In some ways, The First Law seems something like what A Song of Ice and Fire could have been had it reached its potential, in the rough subgenre of low fantasy that assumes the worst about human nature. This is probably an unfair comparison, because I did enjoy the first two books of A Song of Ice and Fire, before I lost patience with the pace of releases, and I have yet to see how The First Law concludes. But I think Abercrombie has a reputation for satisfying endings (and it is already done). We will see.

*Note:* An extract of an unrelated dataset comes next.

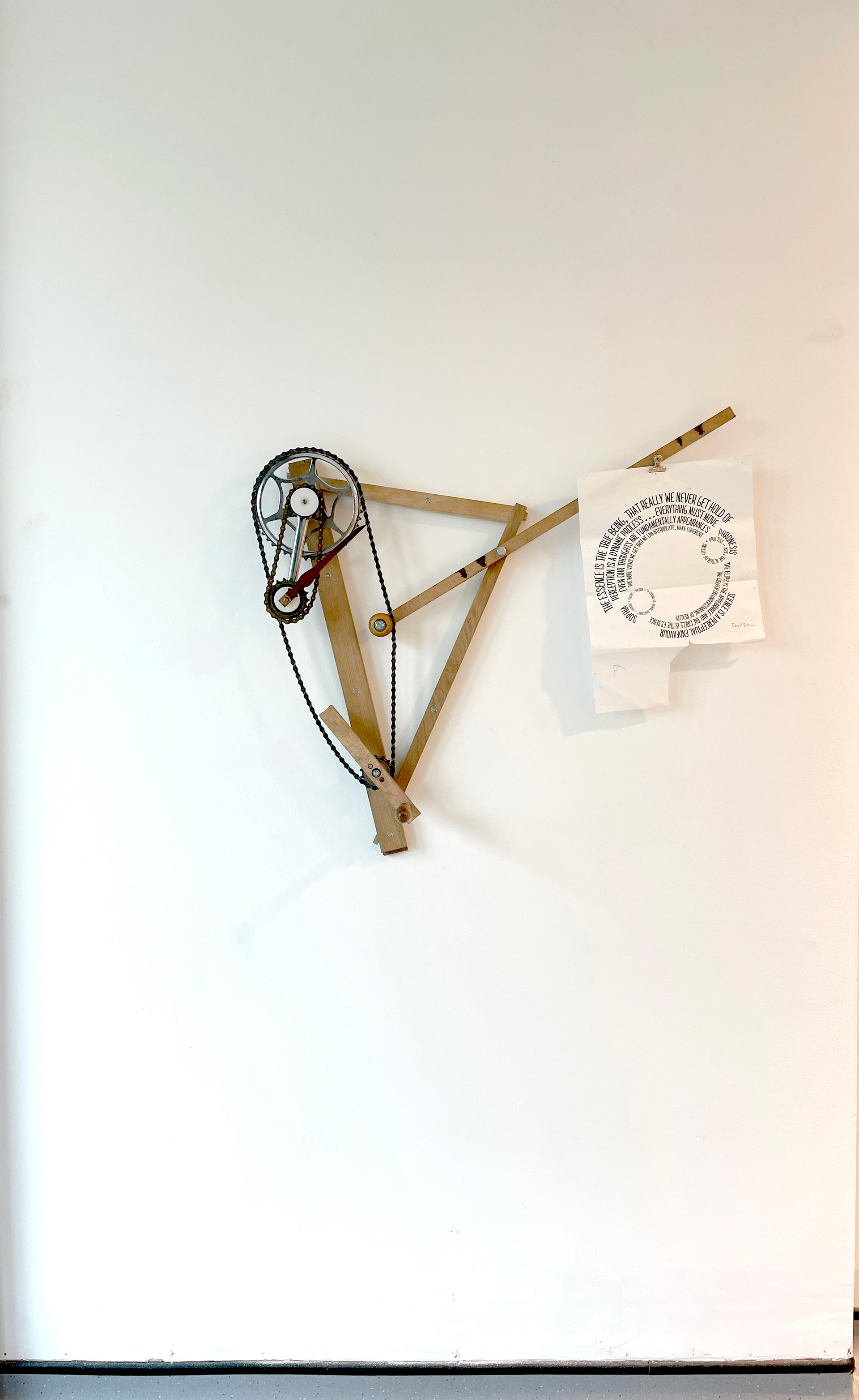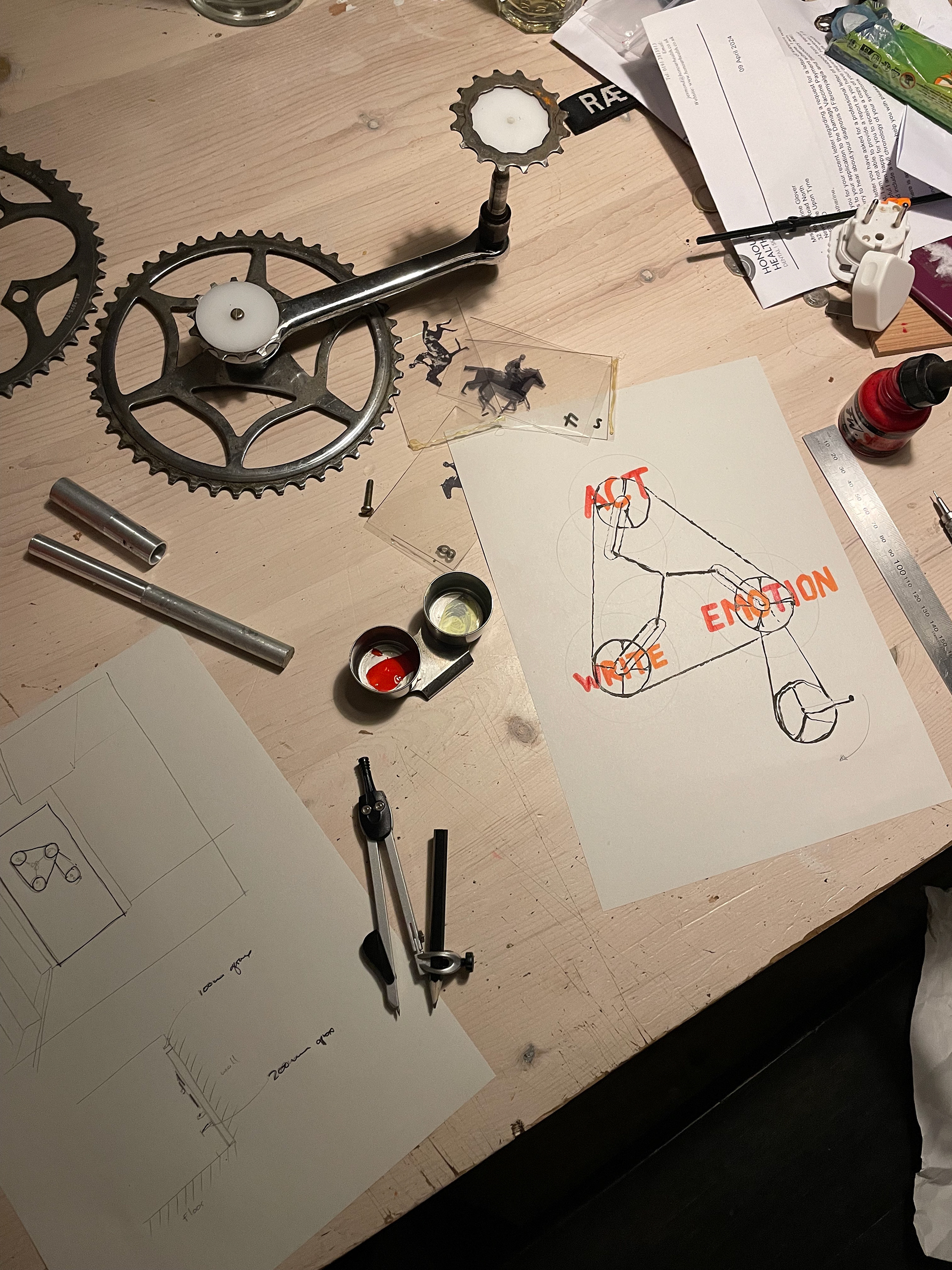 Beginning with the handle (emotion) which drives the ‘Attention-o-meter’ through which the initial emotions are amplified back and forth, round and around. The third phase is a tensioner, through which emotional labour is translated into words. These words (motion) emerge from the gumption, but are not the same, they are shadows and reflections of action.

Most important was the handling of the characters, both how Abercrombie gradually brings them together in the narrative, and how they begin to rise above their initial caricatures. Abercrombie seems like he actually cares about his main characters, even those that are unpleasant, and is disappointed and sympathetic (if not surprised) when they stumble and suffer, though he does have a tendency to revel ghoulishly in their flaws from time to time. I also found the story funny. One example of many: the chapter where Glokta first meets Logen and the wizard Bayaz—the juxtaposition between the seemingly basic honesty of everything Bayaz and company say with the totally reasonable but wrong distrust of the obviously intelligent, but rather repulsive, Glokta—is some solid writing. Pleasantly anticipating volume two.
Over the past few years, I have been catching up with a few of the popular genre fantasy authors that I had, for whatever reason, not gotten around to reading. Among that crew is also Brandon Sanderson, of whose work I’ve now heard the first three volumes of The Stormlight Archive and the first Mistborn book. More on that at some point in the future.